Currently, nine Amerindian tribes are accounted for in Guyana: The Warraus, Lokono (Arawak), Wapishanas, Caribs, Macusi, Arecunas, Wai Wais, Akawaio and the Patamonas. Tribes such as Maiongkongs, Maopityans, Drois, Tarumas, Amaripas and Pianoghottos, all thriving populations in the 1800s are now extinct.
Born in 1892 in Moruca, Stephen Campbell has his place in history as the first Amerindian parliamentarian. Many other Amerindians followed making their mark in the political arena. Some names that immediately come to mind include Dr. George Norton, the only Amerindian Ophthalmologist in Guyana and a Member of Parliament on the Peoples National Congress Reform, Carolyn Rodrigues-Birkett – Minister of Foreign Affairs, Pauline Sukhai – current Minister of Amerindian Affairs and the late Dr. Desrey Fox, a former Minister in the Ministry of Education who will forever be remembered as an outstanding scholar who made many contributions in the field of Linguistics and Amerindian Studies.
In the meantime, others are making strides in the area of public works and the production of books and documentaries such as Annette Arjoon; in the Media (on radio) such as Michela Abraham-Ali and Merano Isaacs; and in many other fields such as law, sports, medicine, law enforcement and education, among others.

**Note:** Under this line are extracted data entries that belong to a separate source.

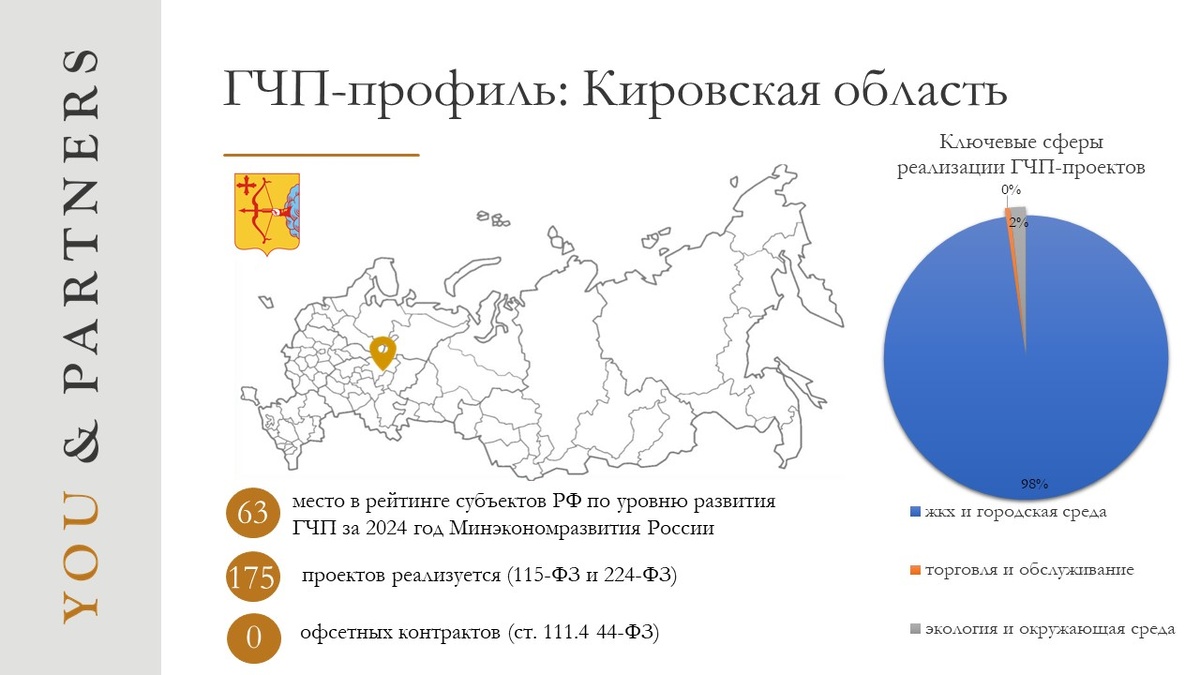 🏆 Место в рейтинге - 63 Согласно итоговой оценке рейтинга субъектов РФ по уровню развития ГЧП за 2024 год (Минэкономразвития России), Кировская область занимает 63 место, не изменив позиций по сравнению с 2023 годом). 🧮 Количество проектов По данным РОСИНФРА в регионе реализуется 175 ГЧП-проектов (учтены проекты по 115-ФЗ и 224-ФЗ на стадиях от предынвестиционного этапа до завершения проекта). 🧩 Сферы реализации проектов: - ЖКХ и городская среда (171 проект); - торговля и обслуживание (1 проект); - экология и окружающая среда (3 проекта). Примеры проектов: 🧺 Концессионное соглашение в отношении объекта здания прачки Орловского городского поселения (КС заключено 27.01.2016 на 10 лет, объем инвестиций 1 млн. руб.). ♻️ Концессионное соглашение в отношении объектов по обращению с твердыми коммунальными отходами города Слободского Кировской области (КС заключено 31.03.2016 на 10 лет, объем инвестиций 10 млн. руб.). 📑Офсетные контракты в регионе: 0 шт. По данным zakupki.gov.ru в регионе
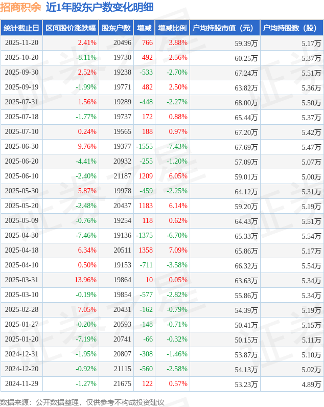 从股价来看,2025年10月20日至2025年11月20日,招商积余区间涨幅为2.41%,在此期间股东户数增加766.0户,增幅为3.88%。
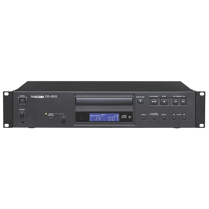 TASCAM's CD-200 is a follow-up to the hugely popular CD-160 series of CD players. The player boasts playback of MP3 CDs for hours of playback, and has both optical and coaxial digital outputs. The CD-200 is equipped with a new transport custom-designed for audio playback, along with a smooth-loading drawer and low clamping noise. Sound quality has also been improved, as the internal clock is more accurate and produces less jitter. A wireless remote control with numerical track select buttons is also included with the CD-200.
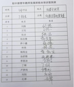 3月14日下午,初中部在五楼会议室召开青年教师专业发展班专题培训会,教务处孙主任主持会议。丁仁有副校长作了主题为《抓实教学常规提升教学质量》的讲座。丁校长指出我校青年教师较多,特别是刚刚参加工作的新教师占比较大,大家从一开始就要抓实教学常规,认真做好教学五认真。要认真研读课标和教材,在了解学情的基础上认真备课,要及时向老教师请教。上课前要提前到教室做好上课的准备,也要提醒学生做好课前准备。课堂中要关注学生的听课表现,注意教学设计活动的有效性,充分调动学生学习的积极性,鼓励学生参与小组合作学习,对学生的课堂表现要及时予以鼓励,不轻易批评学生。课后要及时反思总结本节课的亮点和不足,写好教学反思。课后作业要精心设计,宁缺勿滥,及时批改,尽可能做好个别辅导和当面批改。年轻教师要积极听课,主动向老教师请教,也要跨学科听课,取长补短。
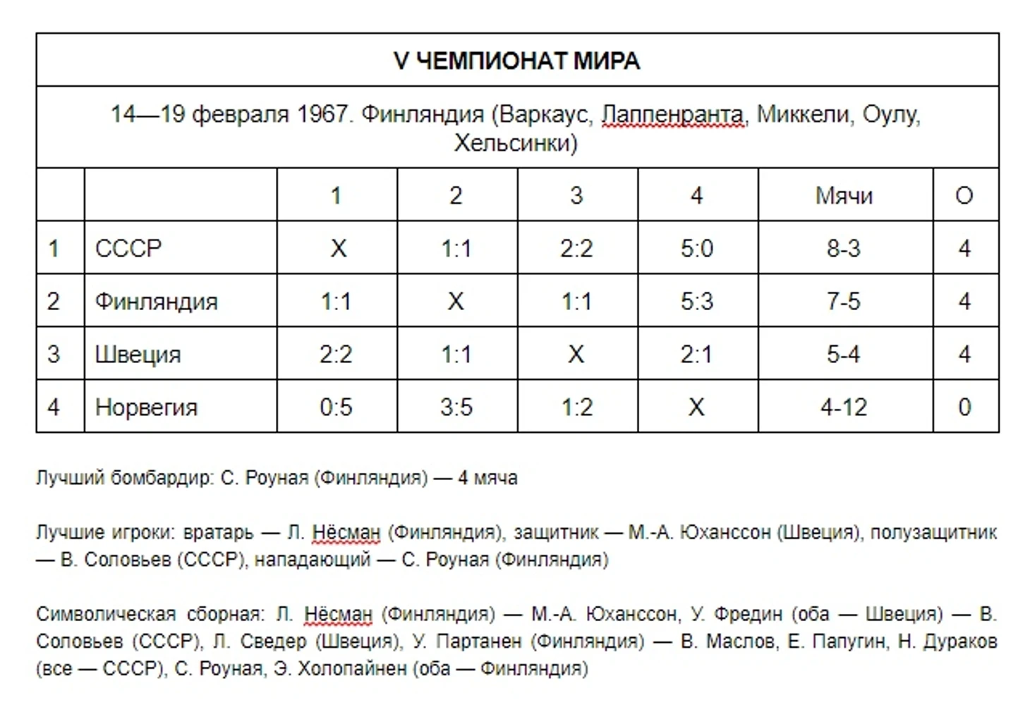 В итоговой таблице возник настоящий финский треугольник: сразу три команды из четырех набрали одинаковое количество очков — по 4. Пришлось считать разницу забитых и пропущенных мячей: у СССР — 8:3, у Финляндии — 7:5, у Швеции — 5:4. Наши опять выиграли золото! Шведы снова не смогли стать даже вторыми...
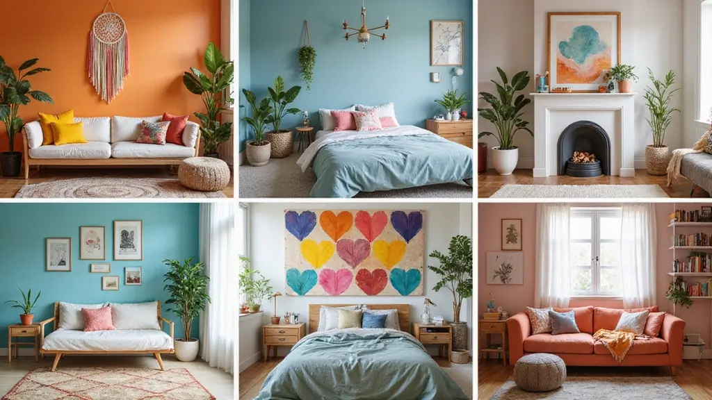 – Choose a few impactful pieces rather than cluttering walls with many small items.

After more than three years of consultation with the Government and Amerindian communities, the Amerindian Act of 2006 replaced the Amerindian Act of 1951. Prior to the new Act; procedures dealing with Indigenous lands, territories and natural resources were mainly administrative as the Amerindian Act of 1951 was inadequate. The new Act outlines the procedure for the transfer of State lands to Indigenous communities, giving them full ownership of these lands as well as providing for traditional rights within State lands and other matters relating to natural resources.

Over the past two years, efforts have been made to preserve the Amerindian language, an Inter-American Development Bank (IDB) project of 2008, led to the publishing of dictionaries containing the languages of various tribes.
In August 2009, the office of Climate Change collaborated with the Ministry of Amerindian Affairs to translate the concepts and objectives of the revolutionary Low Carbon Development Strategy (LCDS) into five Amerindian languages in order to promote a better understanding of the LCDS among Guyana’s Amerindian people who are cited as part of the strategy’s main stakeholder group. Translations will be done in the Patamona, Wai Wai, Wapishana, Akawaio and Macusi languages.
The LCDS is an initiative of former President Dr. Bharrat Jagdeo, which seeks to transform Guyana into a low carbon economy providing that the proposal for compensation for forests, and the environmental services which they provide to the world, is included in the Copenhagen agreement.